The splitting up works well, but my "worker" function is rather long and complicated because the task itself from start to finish is complicated. I would love to break the steps apart down more but I am having trouble passing information to/from the worker function because for some reason ANYTHING that a worker function under multiprocessing uses needs to be passed in explicitly.
This means I cannot define constants in the body of if __name__ == '__main__'
and then use them in the worker function. It also means that my parameter list for the worker function is getting really long - which is super ugly since trying to use more than one parameter also requires creating a helper "star" function and then itertools
to rezip them back up (a la the second answer on this question).
I have created a trivial example below that demonstrates what I am talking about. Are there any workarounds for this - a different approach I should be using - or can someone at least explain why this is the way it is?
Note: I am running this on Windows Server 2008 R2 Enterprise x64.
Edit: I seem to have not made my question clear enough. I am not that concerned with how pool.map
only takes one argument (although it is annoying) but rather I do not understand why the scope of a function defined outside of if __name__ == '__main__'
cannot access things defined inside that block if it is used as a multiprocessing function - unless you explicitly pass it as an argument, which is obnoxious.
import os
import multiprocessing
import itertools
def loop_function(word):
file_name = os.path.join(root_dir, word + '.txt')

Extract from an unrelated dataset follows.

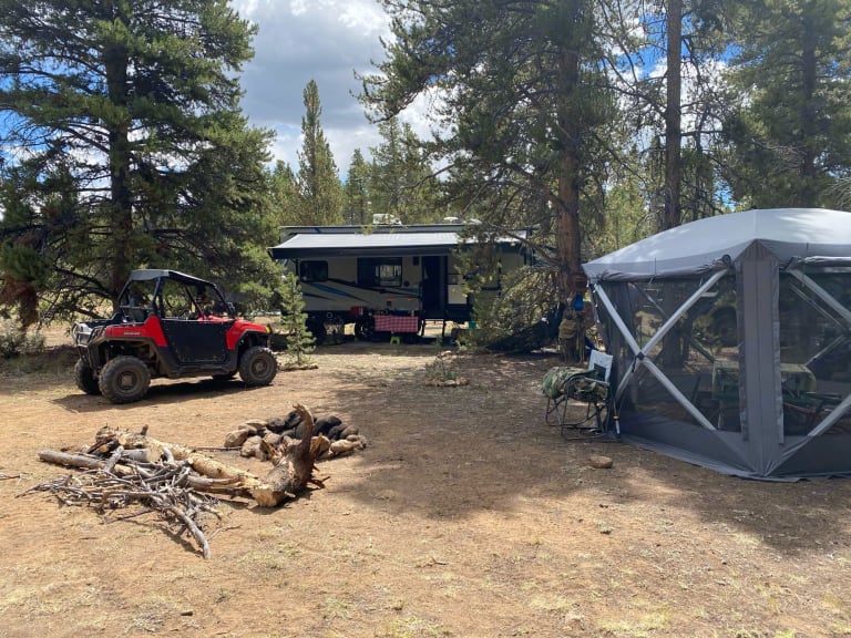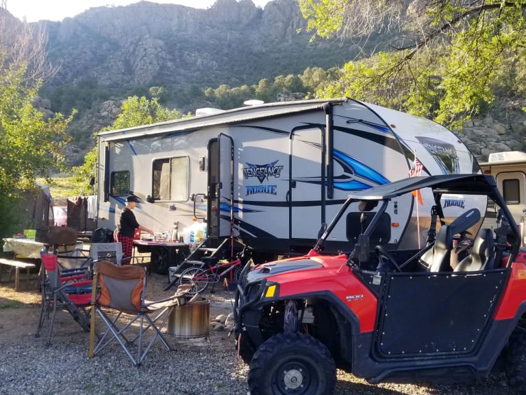 It also has 17 Feet of space that fits most Polaris Razors and / or a few 4-wheelers.What's includedBedding for main bed, cookware, utensils, pots, pans, cups, coffee maker w/ filters, coffee cups, towels, a roll of t-paper, dish soap / drying mat / hand towels, games, 2 camping chairs, bowls, clothes line, cleaning items for accidents, flashlight, lighter, 2 propane tanks, wheel chalks, leveling planks, and more.RecommendationsThe Midwest is a great place to explore!! Colorado, Florida, North Carolina to the Smokey Mountains, Redwood Forest, to the Gulf Stream Waters :) - Canoeing, Fingers Lake, Boondocking, so many places to see and explore...you are only limited by your imagination!Other things to noteAll Pets welcome! $10 per night per pet. (strictly enforced)

with open(file_name, "w") as text_file:
text_file.write(word + " food")
def nonloop_function(word, root_dir): # <------ PROBLEM
file_name = os.path.join(root_dir, word + '.txt')
with open(file_name, "w") as text_file:
text_file.write(word + " food")
def nonloop_star(arg_package):
return nonloop_function(*arg_package)
# Serial version
#
# if __name__ == '__main__':
# root_dir = 'C:\\hbrowning'
# word_list = ['dog', 'cat', 'llama', 'yeti', 'parakeet', 'dolphin']
# for word in word_list:
# loop_function(word)
#
## --------------------------------------------
# Multiprocessing version
if __name__ == '__main__':
root_dir = 'C:\\hbrowning'
word_list = ['dog', 'cat', 'llama', 'yeti', 'parakeet', 'dolphin']
NUM_CORES = 2
pool = multiprocessing.Pool(NUM_CORES, maxtasksperchild=1)
results = pool.map(nonloop_star, itertools.izip(word_list, itertools.repeat(root_dir)),
chunksize=1)
pool.close()
pool.join()